Certain parts of the plant (flower, leaves, stems, roots, fruits) can be used as medicines or a specific active substance can be extracted from it to be put into a tablet, capsule, syrup.
Examples of the first method of application established in medical practice are: St. John's wort (Hypericum perforatum) for the treatment of mild to moderate depression; ginkgo biloba (Gingko biloba), whose leaves are used to improve memory and for anxiety; chamomile flower (Chamomilla recutita) to relieve mild gastrointestinal ailments and as an anti-inflammatory; senna (Cassia spp.) leaves and pods anti-constipation; extract of hawthorn, peppermint and valerian to calm; decoction of sumac (tetra, Cotinus coggygria) for external use, due to its antiseptic properties and many others.

Some of them have been accepted into the ranks of classical or conventional medicine, while others are still part of so-called alternative medicine [ref. 2] and are used as supportive, additional medical agents.
Due to their wealth of active substances, herbs should not be taken lightly as something that "if it doesn't help, at least it won't hurt us". Some of these ingredients are extremely potent, others can have an effect (beneficial or not) with long-term use. Let's not forget that most poisons also have a natural origin.

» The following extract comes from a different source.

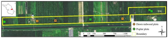 2 area were designed and surveyed; these included three sample plots with dawn redwood and four plots with poplar. These plots’ stand densities were low, medium, and high. One additional sample plot of medium-density poplar was set up as a backup. The coordinates of the centers and corners of the plots were measured with differential GPS in each sample site.

Some herbs are hepatotoxic (toxic to the liver), others can cause photosensitivity and should not be taken in the sun (this is the case with St. John's wort), others can interact with other medications we are taking, which to reduce or increase their effect undesirably. It is therefore necessary that herbal treatment is always prescribed and monitored by a specialist. Unfortunately, not every doctor or pharmacist is well acquainted with the characteristics of herbs and herbal preparations, and there are also many self-styled "healers".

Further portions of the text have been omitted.